Large language models (LLMs) have demonstrated exceptional capabilities in text understanding and generation, and they are increasingly being utilized across various domains to enhance productivity. However, due to the high costs of training and maintaining these models, coupled with the fact that some LLMs are proprietary, individuals often rely on online AI as a Service (AIaaS) provided by LLM companies. This business model poses significant privacy risks, as service providers may exploit users' trace patterns and behavioral data. In this paper, we propose a practical and privacy-preserving framework that ensures user anonymity by preventing service providers from linking requests to the individuals who submit them. Our framework is built on partially blind signatures, which guarantee the unlinkability of user requests. Furthermore, we introduce two strategies tailored to both subscription-based and API-based service models, ensuring the protection of both users' privacy and service providers' interests. The framework is designed to integrate seamlessly with existing LLM systems, as it does not require modifications to the underlying architectures. Experimental results demonstrate that our framework incurs minimal computation and communication overhead, making it a feasible solution for real-world applications.

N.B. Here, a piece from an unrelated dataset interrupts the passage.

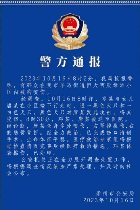 숭주시공안국은 16일 오후 개에게 물린 녀아는 온몸에 여러 곳이 물리고 오른쪽 신장에 파렬상이 있으며 오른쪽 갈비뼈가 부러졌다고 통보했다. 최선을 다해 치료한 결과 현재 상처처치수술이 완료되였으며 생명징후가 안정적이다. 의료 전문가팀은 검사 상황에 따라 후속 의료조치를 개선하게 된다.
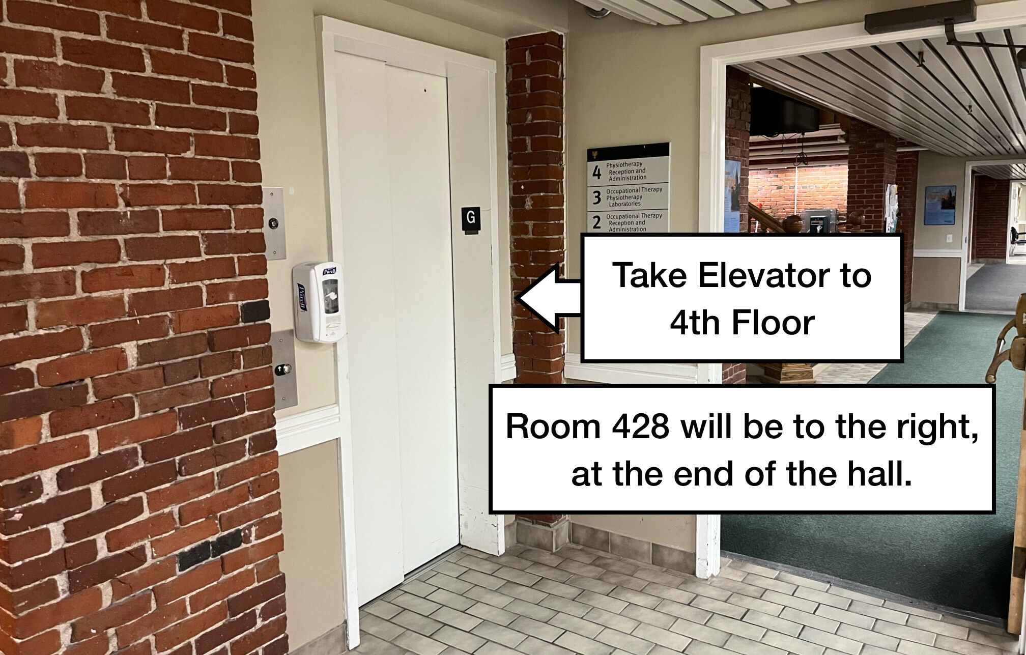 Soon, you should see an elevator to your right: take it to the 4th floor, and the lab will be at the end of the hall to your right!

翻译：大型语言模型（LLM）在文本理解和生成方面展现出卓越能力，正日益广泛地应用于各领域以提升生产效率。然而，由于训练和维护这些模型的高昂成本，加之部分LLM属于专有模型，个人用户通常依赖LLM公司提供的在线人工智能即服务（AIaaS）。这种商业模式带来了显著的隐私风险，因为服务提供商可能利用用户的访问模式和行为数据。本文提出一种实用且保护隐私的框架，通过防止服务提供商将请求与提交者相关联来确保用户匿名性。该框架基于部分盲签名技术构建，可保证用户请求的不可关联性。此外，我们针对订阅制和API调用两种服务模式分别设计了相应策略，在保护用户隐私的同时兼顾服务提供商的利益。该框架无需修改现有LLM系统底层架构，可实现无缝集成。实验结果表明，我们的框架仅产生可忽略的计算与通信开销，为现实应用提供了可行的解决方案。